-- What this task involves --
Extract the run of lines that starts at the top of the records below and ends at the line with "This gorgeous soup", keeping both ends and excluding pictures.

Extracted data entries
"""

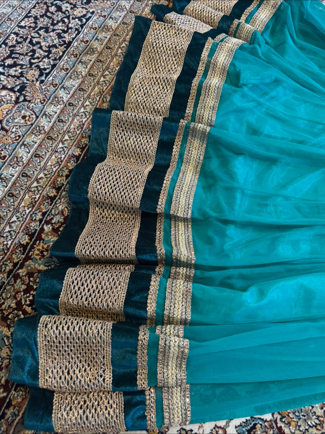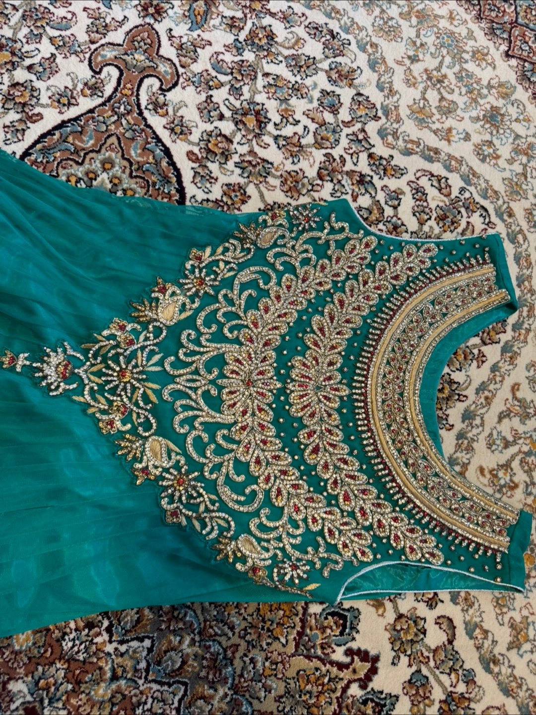 Beautiful teal Anarkali dress with intricate embellishments. This dress is perfect for special occasions and is in great condition. It features detailed embroidery and a flowing silhouette.
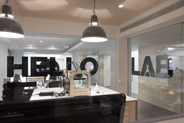 The 3-D printer in the Lab at the newly completed London offices of digital agency, Possible Worldwide. Interior architecture by BDG A+D.
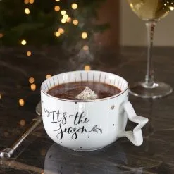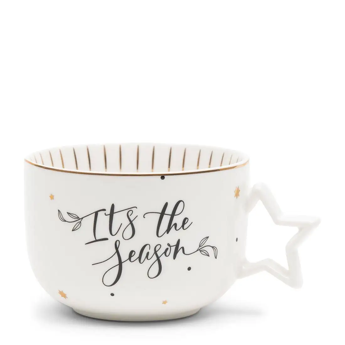 This gorgeous soup bowl from the Celebrate series will add a festive touch to your delicious soup. Made of porcelain, full of golden stripes and a quirky handle to keep your fingers safe.
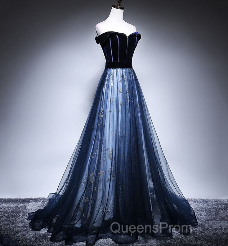 Dark Blue Tulle Velvet Long Evening Prom Dress, Blue Evening Dress
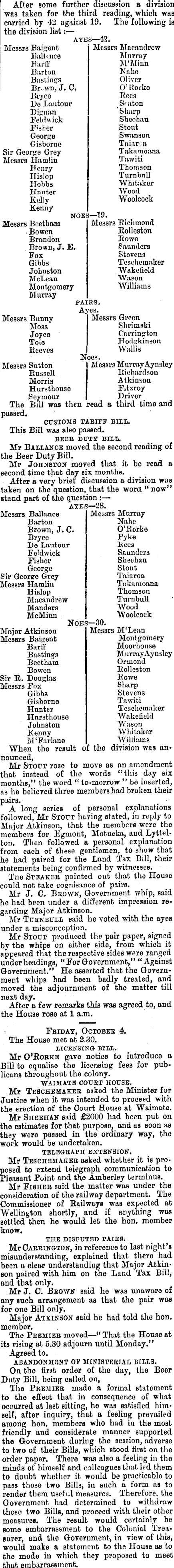 After some further discussion a division was taken for the third reading, which was carried by 43 against 10. Tho following is the division list: — ayes—l2. Messrs Baigent Messrs Macandrcw Ball: nee Murray Barff M'Minn Barton Kabo Bastings Oliver Br wn, J. C. O’ Korke Bryce Bees Do Lautour Seaton Dignan Sharp Feldwick Sheehan F'sher Stout George Swanson Gisborne Taiar a Sir George Grey Takamoana Messrs Hamlin Tawiti Henry Thomson Hislop Turnbull Hobbs Whitaker Hunter Wood Kdly Woolcock Kenny NOES— I 9. Messrs Bcetlmm Messrs Bichmond Bowen Eolleston Brandon Bowo Brown, J. E. Saunders Fox Stevens Gibbs Teschemaker Johnston Wakefield McLean Was on Montgomery Williams Murray PAIRS. Ayes. Messrs Bunny Messrs Green Moss Shrimski Joyce Carrington Tote Hodgkinson Beeves Wallis Noes. Messrs Sutton | Messrs Murray Aynsley Bussell Richardson Morris Atkinson Hur.-thonse Fitzroy Seymour Driver The Bill was then read a third time and passed. CUSTOMS TARIFF BILL. This Bill was also passed, BEER DUTY BILL. Mr Ballance moved the second reading of the Beer Duty Bill. Mr Johnston moved that it bo read a second time that day six months. After a very brief discussion a division was taken on tho question, that the word, “now” stand part of the question : ayes— 2B. Messrs Ballance Messrs Murray Barton Nahe Brown, J. C. O’Borke Bryce Pyke De Lautour Bees Feldwick Saunders Fisher Sheehan George Stout Sir George Grey Taiaroa Messrs Hamlin Takamoana Hislop Thomson Macandrcw Turnbull Manders Wood McMinn Woolcock Noes—3o. Major Atkinson Messrs MT.ean Messrs Baigent Montgomery Barff Moorhonse Bastings MurrayAynsley Beetbam Ormond Bowen Bolleston Sir B. Douglas Bowe Messrs Fox Sharp Gibbs Stevens Gisborne Tawiti Hunter Teschemaker Hursthouae Wakefield Johnston Wason Kenny Whitaker M’Farlane Williams When the result of the division was announced, Mr Stout rose to move as an amendment that instead of the words “this day six months,” the word “ to-morrow ” bo inserted, as ho believed three members had broken their pairs. A long series of personal explanations followed, Mr Stout having stated, in reply to Major Atkinson, that the members were the members for Kgmont, Motueka, and Lyttelton. Then followed a personal explanation from each of these gentlemen, to show that he had paired for the Land Tax Bill, their statements being confirmed by witnesses. Tne Speaker pointed out that the House could not take cognisance of pairs. Mr J, C. Brown, Government whip, said he had been under a different impression regarding Major Atkinson. Mr Turnbull said he voted with the ayes under a misconception. Mr Stout produced the pair paper, signed by the whips on either side, from which it appeared that the respective sides were ranged under headings, “ For Government,” “ Against Government.” Ho asserted that the Government whips had been badly treated, and moved the adjournment of tho matter till next day. After a few remarks this was agreed to, and the House rose at 1 a.m. Friday, October 4. The House met at 2.30. LICENSING BILL. Mr O’Bobke gave notice to introduce a Bill to equalise the licensing fees for publicans throughout the colony. WAIMATE COURT HOUSE. Mr Teschemaker asked the Minister for Justice when it was intended to proceed with the erection of the Court House at Waimate. Mr Sheehan said £2OOO had been put on the estimates for that purpose, and as soon as they were passed in the ordinary way, the work would be undertaken. telegraph extension. Mr Teschemaker asked whether it is proposed to extend telegraph communication to Pleasant Point and the Amberley terminus. Mr Fisher said the matter was under the consideration of the railway department. The Commissioner of Bailways was expected at Wellington shortly, and if anything was settled then he would let the hon, member know. THE DISPUTED PAIRS. Mr Carrington, in reference to last night’s misunderstanding, explained that there had been a clear understanding that Major Atkinson paired with him on tho Land Tax Bill, and that only. Mr J. C. Brown said he was unaware of any such arrangement us that the pair was for one Bill only. Major Atkinson said he had told the hon. member. The Premier moved —“ That the House at its rising at 5.30 adjourn until Monday.” Agreed to. ABANDONMENT OF MINISTERIAL BILLS. On the first order of tho day, the Beer Duty Bill, being called on, The Premier made a formal statement to the effect that in consequence of what occurred at last sitting, he was satisfied himself, after inquiry, that a feeling prevailed among hon, members who had in the most friendly and considerate manner supported the Government during the session, adverse to two of their Bills, which stood first on the order paper. There was also a feeling in the minds of himself and colleagues that led them to doubt whether it would be practicable to pass those two Bills, in such a form as to render them useful measures. Therefore, the Government had determined to withdraw those two Bills, and proceed with their other measures. The result would certainly be some embarrassment to the Colonial Treasurer, and the Government, in view of this, would make a statement to the House as to the mode in which they proposed to meet that embarrassment.

"""

-- Exercise result --
 Beautiful teal Anarkali dress with intricate embellishments. This dress is perfect for special occasions and is in great condition. It features detailed embroidery and a flowing silhouette.
 The 3-D printer in the Lab at the newly completed London offices of digital agency, Possible Worldwide. Interior architecture by BDG A+D.
 This gorgeous soup bowl from the Celebrate series will add a festive touch to your delicious soup. Made of porcelain, full of golden stripes and a quirky handle to keep your fingers safe.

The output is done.